After sequencing on the MinION, the 2D reads were opened using Poretools [37] and the corresponding fastA files were exported. These sequence files were subjected to QA/QC analysis by annotating in Geneious using six pairs each of universal 16S rRNA primer sequences (27F, 343F, 518F, 907F, 1392F, and 1492F) [35] and 23S rRNA primer sequences (129F, 473F, 820F, 1623F, 2069F, and 2758F) [35, 36]. Only those files between 4 and 5 kb and containing at least two rRNA priming sites were retained for further analysis (~ 85% of the 2D sequences). These files were oriented in a uniform direction, and the 16S rRNA sequences were extracted in Geneious (Additional file 1: Figure S16).

OTU determination

The MinION 16S rRNA genes for each barcode were screened against an NCBI 16S rRNA gene bacterial and archaeal database (Bioproject 33175) using Discontinuous MegaBLAST in Geneious 10.1.2. Settings included a word size of 11, gap cost of 5/2, scoring of 2/−3, and a seed length of 18. The top BLAST output was exported as .csv files and opened in a spreadsheet program (e.g., Numbers, Excel) to group by best BLAST hit, count the number of OTUs, and parse for comparisons across samples. Additionally, the MinION sequences were analyzed by SINA online at the Arb-SILVA website (https://www.arb-silva.de/aligner). Settings included rejecting sequences < 70% identity, search-kmer candidates 100, lca-quorum 0.8, search-kmer length 10 using the SILVA, RDP, and Greengenes RefNR databases.

Consensus reconstruction

Thirty sequences representing a single OTU with the same top DMegaBLAST scores were copied into a separate folder and used to build a consensus rRNA operon from the host organism via an iterative LastZ alignment approach [22]. Initially, ten sequences were selected to build a consensus sequence by MUSCLE alignment using Geneious. This consensus was exported as text and imported in Pages to remove gaps. This MUSCLE consensus was used to re-align the original 10 operon sequences into a new LastZ consensus (termed “con 1A”). “Con 1A” was then used to align 20 of the rRNA operon sequences with LastZ to create “con 2A”. “Con 2A” was then used to align 30 of the rRNA operons to create a final consensus. The process was repeated with the next set of operon sequences (e.g., con 1B) and with the final set of 10 sequences (con 1C, etc.) All three final consensus sequences (A, B, C) were assessed for coverage and sequence length to choose a final consensus that best represents the OTU (Fig. 4). This final rRNA consensus sequence was annotated by selecting regions excluding the priming sites and screened by BLAST against the NR database to determine the full extent of the 16S and 23S rRNA genes.

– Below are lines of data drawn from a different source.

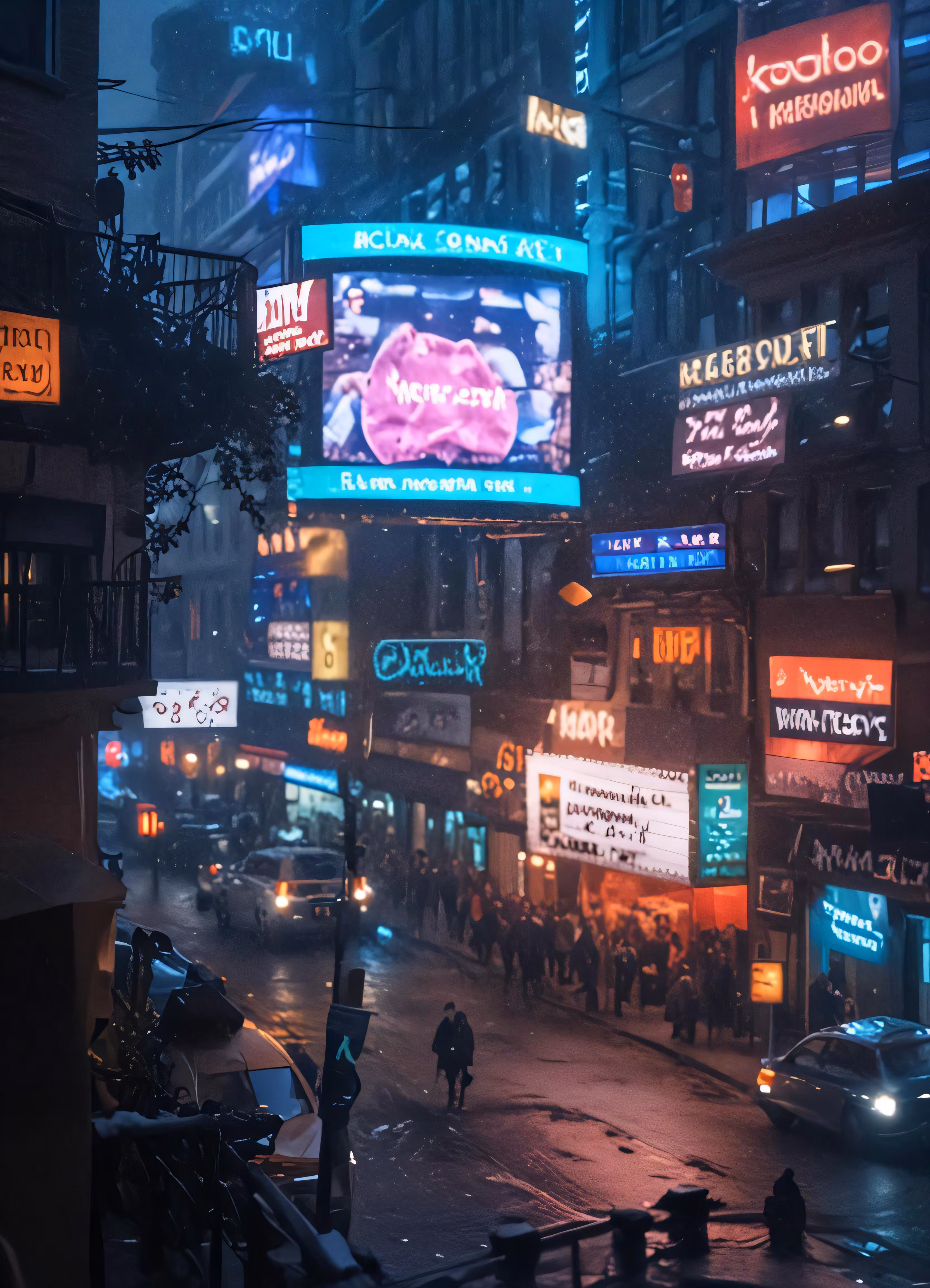 High resolution picture, free to use, the city street with neon signs is shown during night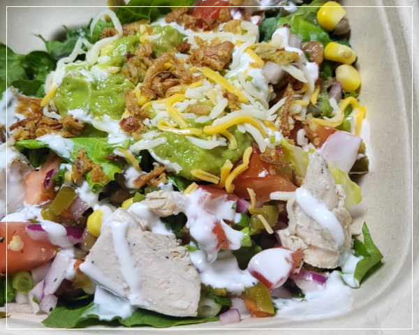 과카몰리 치킨 샐러드도 포장했습니다.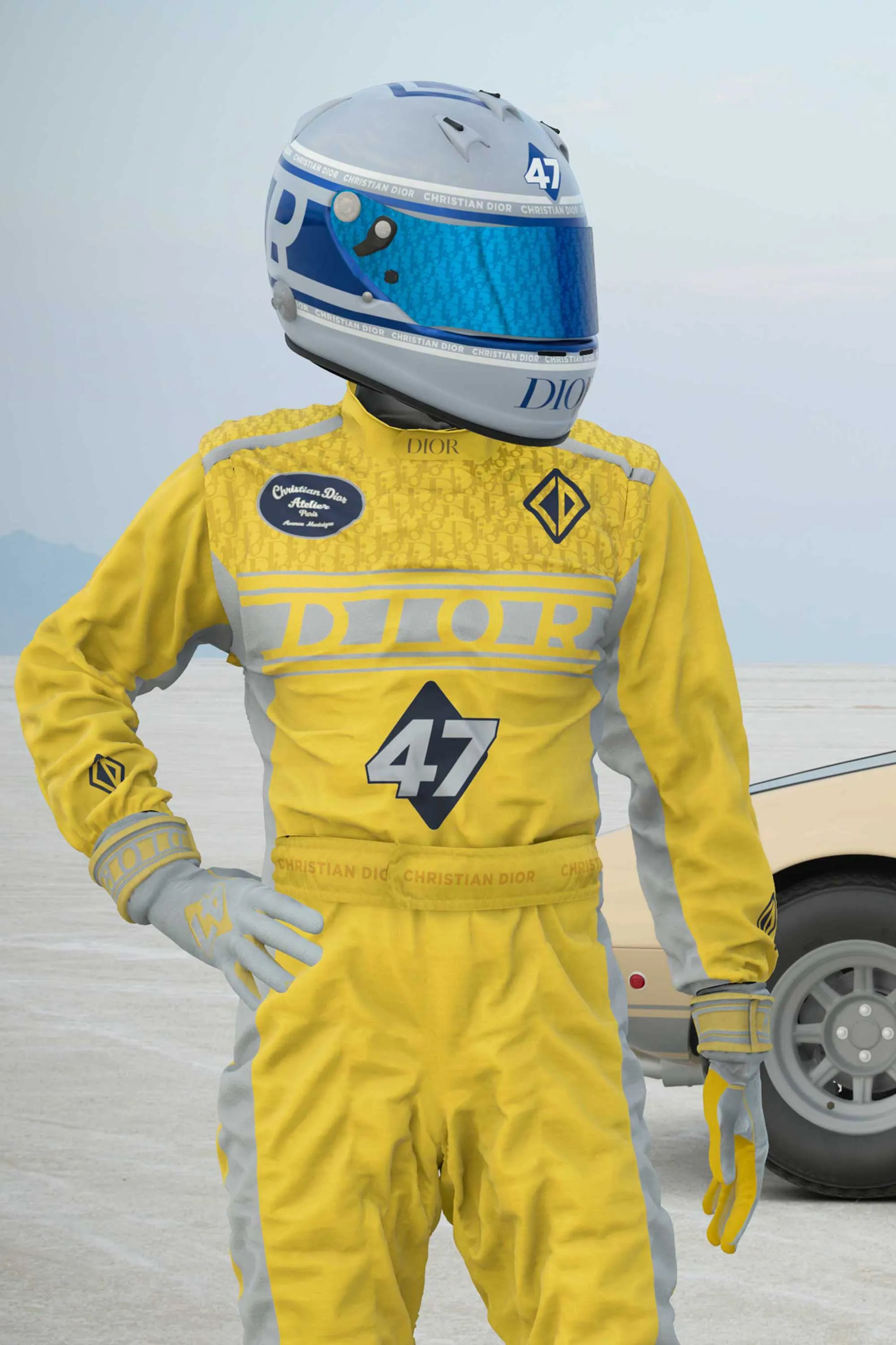La collection capsule virtuelle inaugurale de Dior, qui sera dévoilée le 25 août dans Gran Turismo® 7, comprend une combinaison jaune et grise, des gants assortis, des chaussures Diorizon réinterprétées et un casque bleu et gris. Les modèles intègrent le motif Dior Oblique, signature de la marque, ainsi que les initiales CD Diamond et un patch "Christian Dior Atelier Avenue Montaigne".

Phylogenetic tree analysis

A maximum likelihood method (FastTree 2.1.5 with default settings) was used to reconstruct phylogenetic trees by first aligning full-length sequence for the ribosomal subunits with MUSCLE. The alignment was edited in Geneious to retain only unambiguously aligned bases (16S rRNA genes-1292 bp and 23S rRNA genes-1767 bp).